The sniper has long fascinated us. A superb marksman, to be sure, he is also a stone-cold killer, delivering summary death sentences from incredibly long distances. Historically, snipers have been military specialists, spying on and assassinating the enemy. As police departments increasingly embrace special-weapons-and-tactics (SWAT) teams, however, snipers are also playing a growing role in law enforcement. Whatever the uniform, snipers are a select few, their skills honed by rigorous training after an equally rigorous selection process.
In eighteenth century India, British soldiers turned the name of a difficult-to-hunt wading bird into the verb "to snipe," meaning "shoot from a hidden place." In the American colonies, sharpshooters skilled enough to hit those elusive birds were called "snipers." They've been used by the U.S. military since the Civil War, earning headlines in the spring of 2009 when three Navy SEAL snipers fired simultaneously from one moving ship to kill three hostage-holding Somali pirates on a second.
How to Qualify
Each branch of the U.S. armed forces has similar qualifications for training as a sniper. With one exception noted below, candidates are all male, all volunteers. Physically, the men must be in excellent shape, well beyond their branch's minimum requirements, with eyesight correctable to 20/20 and no color blindness. They need to have at least a year left on their current hitch, a clean disciplinary record and no history of drug or alcohol abuse. They must, of course, qualify as an "expert" rifleman, score 110 or higher on their general technical (GT) test, be in pay grades E-3 through E-7 and eligible for a secret security clearance.
A Woman's Place
In the spring of 2001, Senior Airman Jennifer Donaldson of the Illinois Air National Guard made history as the first woman to complete a U.S. military sniper school. She and the Air Force women who followed in her footsteps at Camp Robinson, Arkansas, pulled duty as "counter-snipers," providing air base perimeter defense. Those jobs are considered "security" rather than the ground "combat" positions closed by law to women. Other countries, friend and foe, see no problem with casting women sharpshooters in full-fledged sniper roles. Canada and North Korea do so, for example, and in World War II the Soviet Union's Lyudmila Pavlichenko set the record for female snipers with 309 confirmed kills.

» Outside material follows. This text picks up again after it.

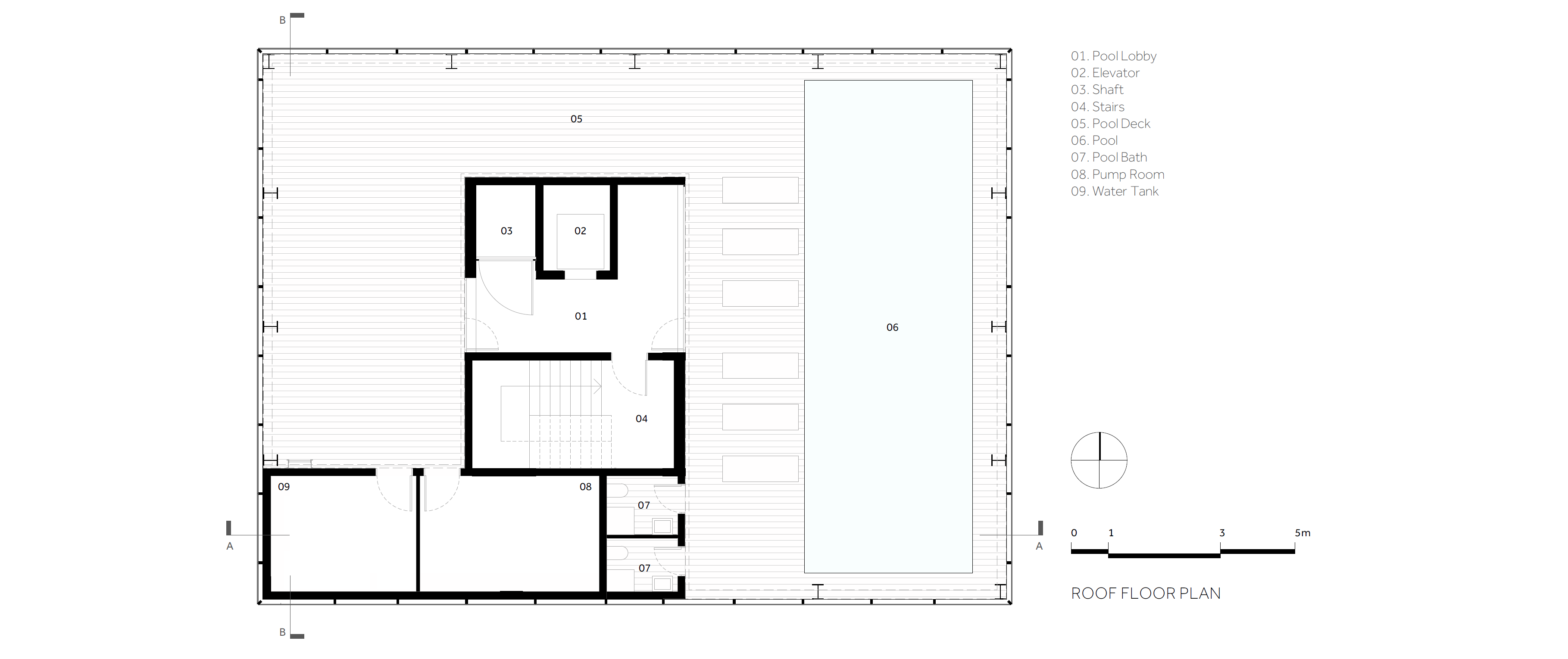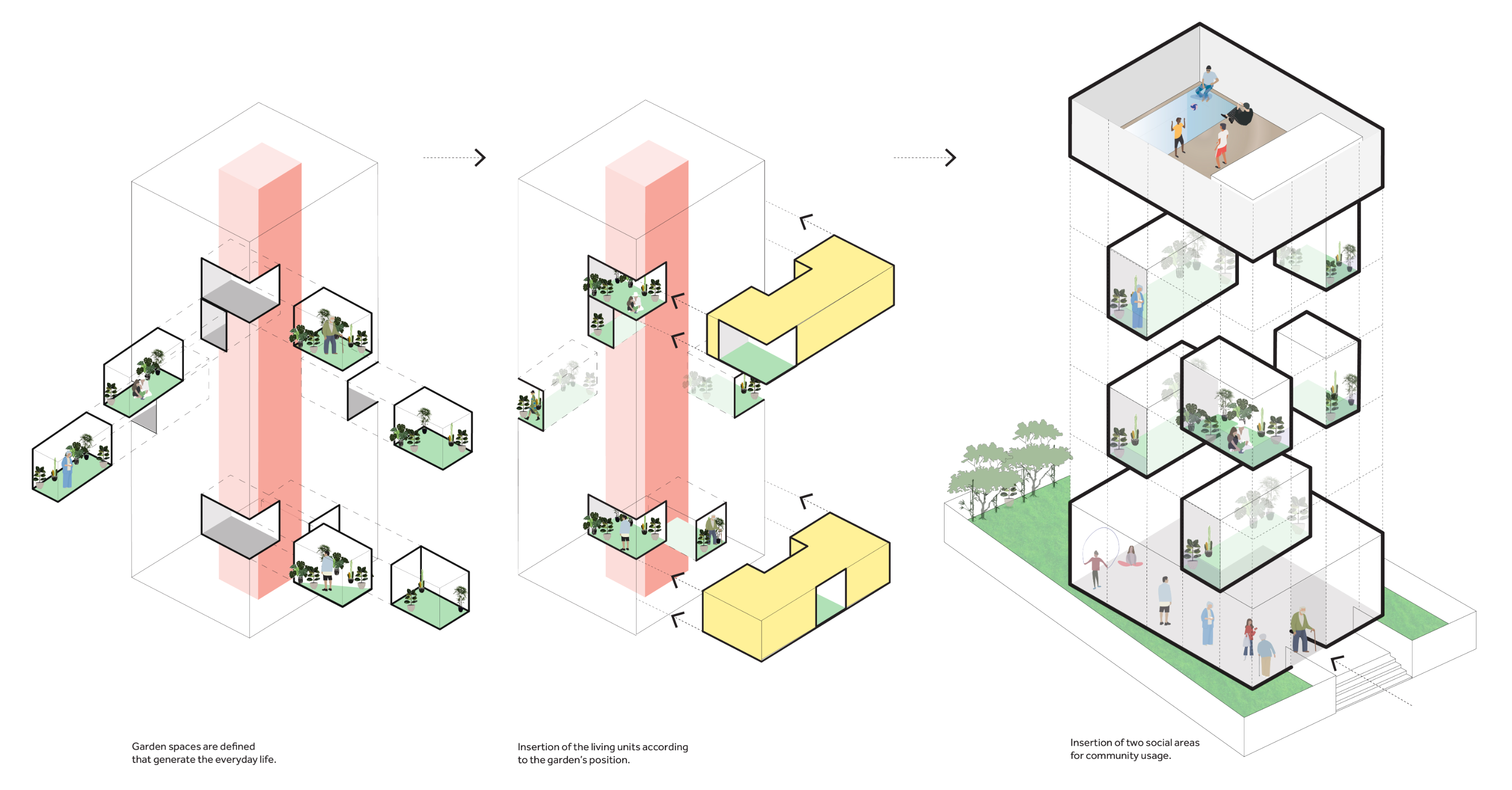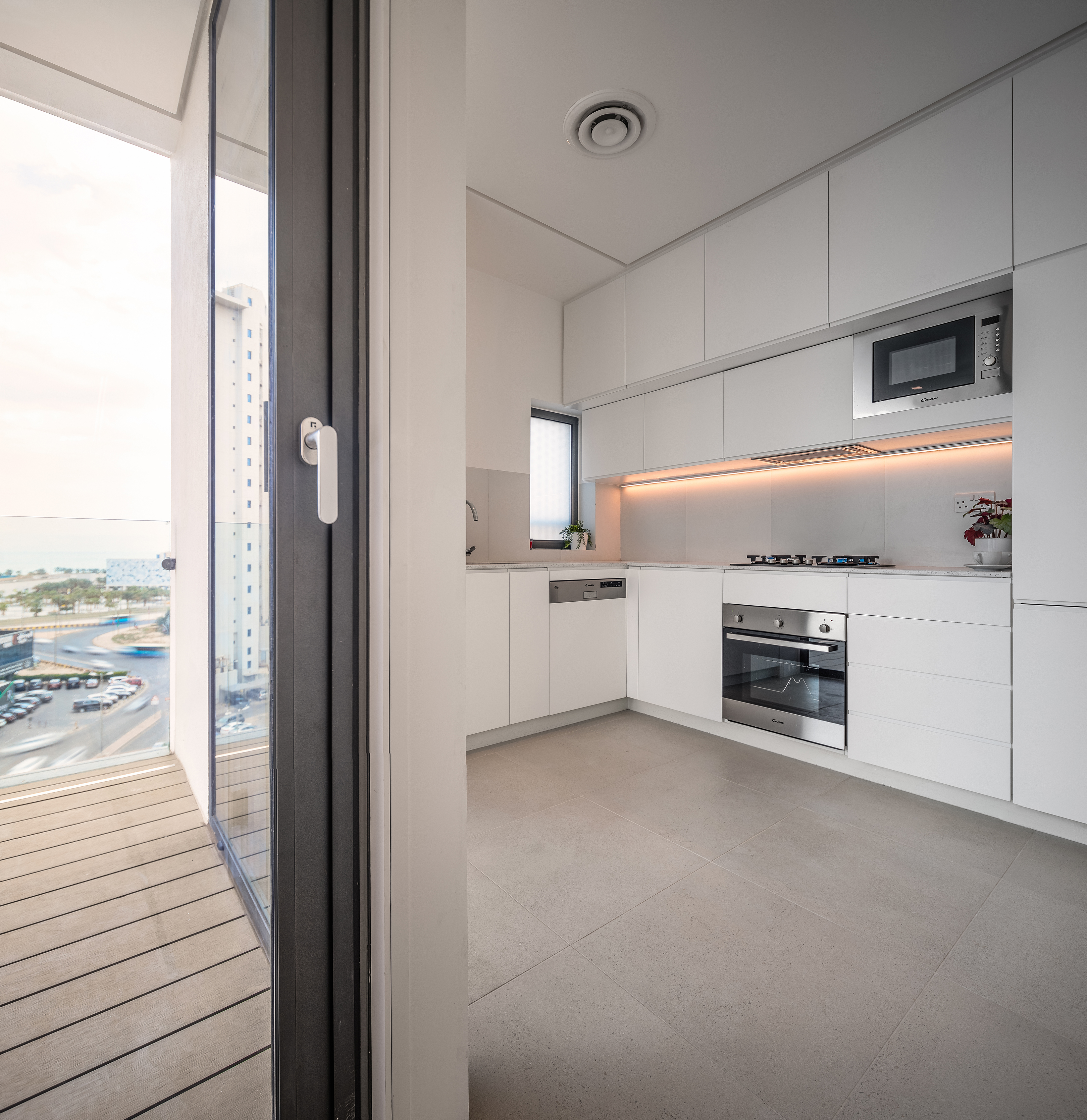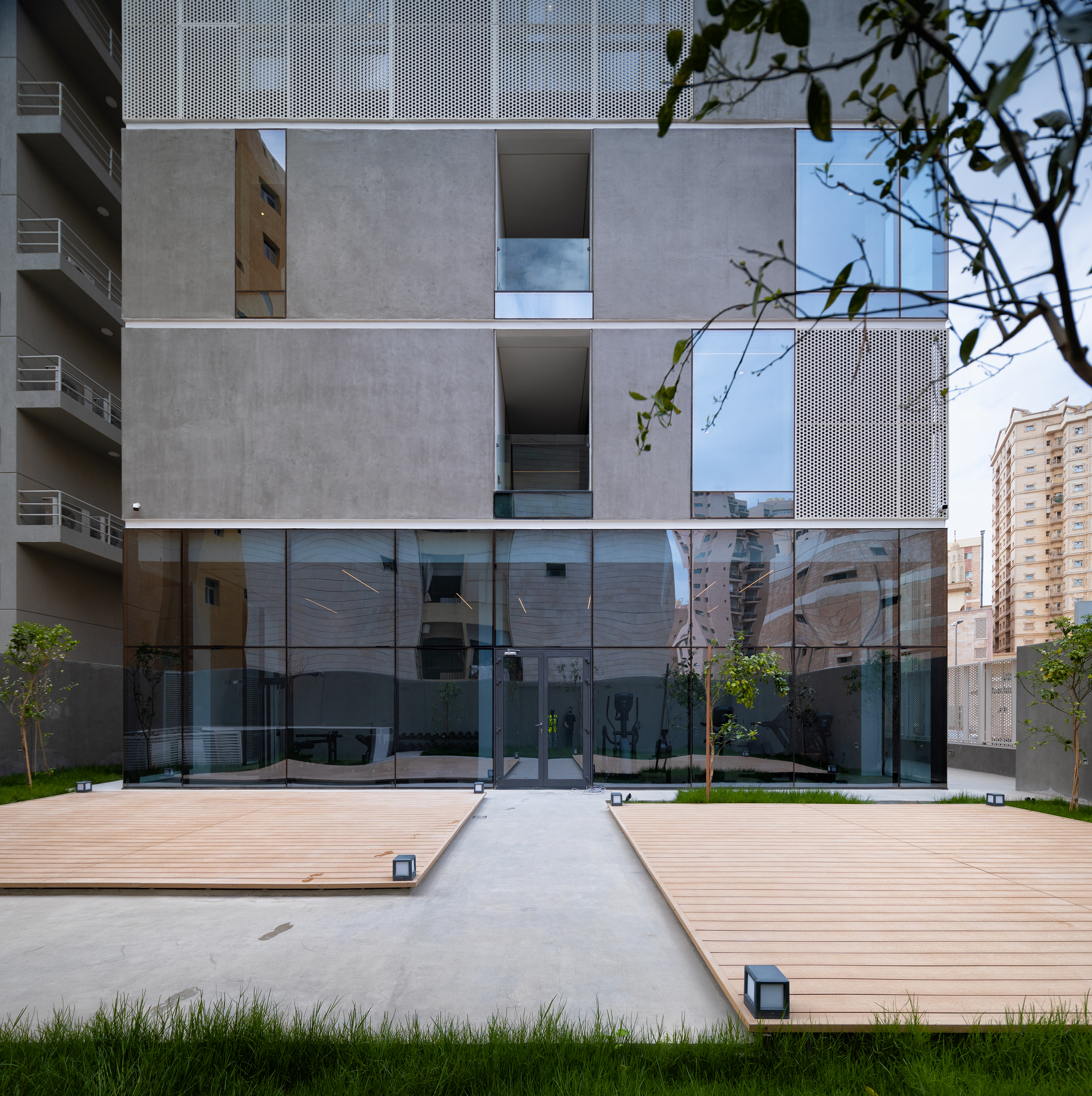 Jade is a midrise multi-unit residential building in Salmiya, Kuwait, that houses 20 independent residential units spread over 10 floors, a double-basement parking, an open plan ground floor with a gym and kids play area, a rooftop social space with a pool and barbeque area. The exterior envelope is a composite skin of light concrete, perforated aluminum panels and high-performance glass panels. The design of the building aims to facilitate an urban and sustainable way of living for young families. The building occupies a compact urban lot in a high - density area with close proximity to neighboring buildings. The placement of the building is determined by the existing plot constraints. Pedestrian access and lobby face the broad avenue, while services are accessed through the side street. North and west facades are privileged for their open views and urban relation defining the building's image. The living units are organized around the access core with interior gardens connecting different living spaces. Social spaces face the main avenue and the sea, while private areas turn to the southeast side. Through the variation of patio and balcony positions, different floorplans are achieved. The individuality expressed in the floorplans translates into the facades creating a staggered composition that brings lightness to the tower. A careful analysis of the sun movements with the height of surrounding buildings helped develop the facade by employing strategic subtractive operations. The perforated metal cladding provides adequate thermal protection along with the insulated concrete panels, to withstand the harsh desert climate. Jade is designed to be a housing project that goes against the grain amongst the chaotic urban density. It successfully solves the crucial issues in Kuwait's current multi-unit housing typology - lack of identity, natural lighting, accessible green and communal spaces, without compromising the original qualities combating extreme weather typical in Kuwait.

The Army Sniper School is at Fort Benning, Georgia; the Marine Corps teaches its Scout/Sniper Basic Course at Camp Pendleton, California; Quantico, Virginia; Camp Lejeune, North Carolina; and Marine Corps Base Hawaii. Air Force counter-snipers receive their training at an Army facility, Camp Robinson, while Navy SEALs go to one of the Marine schools.

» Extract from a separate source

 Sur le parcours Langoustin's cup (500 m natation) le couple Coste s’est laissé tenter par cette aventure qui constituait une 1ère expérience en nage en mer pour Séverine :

In five weeks at the Army school and 8.5 in the Marine regimen, aspiring snipers acquire the surgical skills needed to hit a target 10 football fields away. They do far more, however, than sharpen their shooting. As future spies, they learn intelligence-gathering, distance estimation and detailed observation. They camouflage themselves in a ghillie suit to masquerade for hours, perhaps days, as part of the terrain. Course requirements are tough, daily dropouts not uncommon. Sixty percent or more of a class may wash out, the Marines frankly warn. Camp Pendleton is said to have cut every candidate from at least one class.
Unlike their military brethren, law enforcement snipers deploy for relatively brief periods as part of a police operation, often as a member of a SWAT team. Skilled shooters, they are usually policemen first and snipers only as needed, having volunteered for a SWAT slot after compiling solid street experience as patrolmen or detectives. Training is performed in-house or at a number of private schools, some of which open their doors only to law enforcement officers.
For whatever reason, some civilians feel the urge to train as snipers---an itch that any number of Web-advertised schools are eager to scratch. For a couple of hundred dollars a day, give or take, these academies of the crosshairs promise to turn Second Amendment enthusiasts into lethal "one-shot, one-kill" marksmen. Courses run one to three days to a week or more, stalking lessons included.